The name "Ungava" is of Inuktitut origin, meaning "towards the open water". It is believed to be in reference to the lands inhabited by the Ungava Inuit, who lived at the mouth of the Arnaud River which flows into Ungava Bay.
When created in 1895, the District of Ungava covered all of modern-day northern Quebec, the interior of modern-day Labrador, and all the islands in James Bay, the Hudson Strait, Ungava Bay, and the eastern side of Hudson Bay.
Ungava's southern continental boundaries initially ranged as far south as Lake Timiskaming, well below James Bay on the modern Ontario/Quebec border. Note, however, that a dispute over the location of the boundary between Canada and Labrador (a dependency of the Dominion of Newfoundland) meant both Canada and Newfoundland claimed the far eastern portion of Ungava, an area shown in shaded red on the accompanying maps. This boundary dispute would not be settled during the time the district of Ungava was in existence.
At the time of its creation, Ungava covered over 1,000,000 square kilometres, although just under 15% of its area was also claimed by Newfoundland. However, just three years later with the adoption of the Quebec Boundary Extension Act, 1898, the southernmost portion of the District of Ungava (excluding offshore islands) was transferred by the Parliament of Canada to Quebec. All told, the act transferred approximately 250,000 square kilometres of Ungava to Quebec, the majority of which now lies in the modern-day Jamésie region of the province. After the transfer was complete, the mainland area of the District of Ungava reached no further south than the mouth of the Eastmain River—about halfway down James Bay, as shown on the accompanying map.

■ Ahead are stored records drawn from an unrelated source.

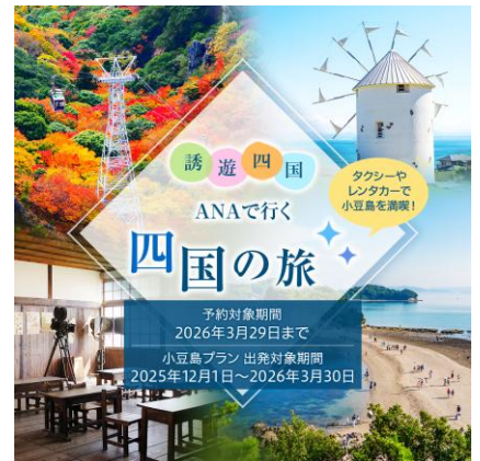
ANA誘遊四国キャンペーン 「小豆島満喫プラン」案内パネル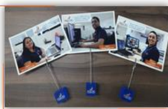
Boas Vindas em seu novo ambiente de trabalho.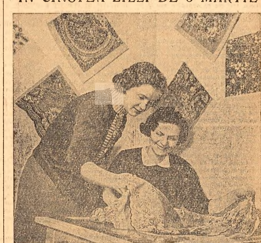
Grumos batic! De mătase născătoare, și ușor! — cîntărește doar nouă batice. Creștea muncitorilor de la fabrica „Cîntărește Doar în Capitală” în cinstea zilei de 8 Martie.

În clădire: Autoarele dinșteia sînt mîndre de noul model de batic, pe care îl vor purta mii și mii de femei...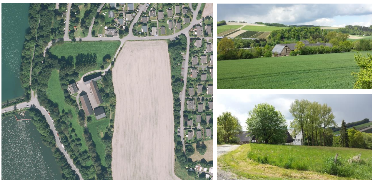
Abb. 1: Hofstelle mit angrenzenden Freiflächen (li. Luftbild; re. Aufnahmen von Norden und Osten)

Ein Ziel der vorliegenden Änderung des Flächennutzungsplans ist es demnach, die Darstellung der „Fläche für die Landwirtschaft“ in ein „Sondergebiet Erholung – Ferienbauernhof“ auf Ebene der vorbereitenden Bauleitplanung planungsrechtlich zu sichern.

With the Quebec Boundaries Extension Act, 1912, all of Ungava's remaining continental land was transferred to Quebec. The almost entirely uninhabited offshore islands of Ungava (over 1500 of them) were not officially transferred to the District of Franklin in the Northwest Territories until 1920, at which point the District of Ungava (which had not functioned in any administrative capacity for eight years) formally ceased to exist.
The 1901 census of Canada records 843 people living in the Ungava district. However, one census taker of the time notes that for the Ungava trading post of Great Whale River, there was extreme difficulty in making an accurate count of the area's population, due to the nomadic nature of its residents, as well as their extreme isolation. The official 1901 census count for Great Whale River numbers 216, but the census taker notes of this figure: "I should say it does not represent one-third of the Eskimos, but I am sending on as many (names) as I could obtain." A similar case could be made for the 1901 census figures for Ungava as a whole, giving the district an effective population of upwards of 3000.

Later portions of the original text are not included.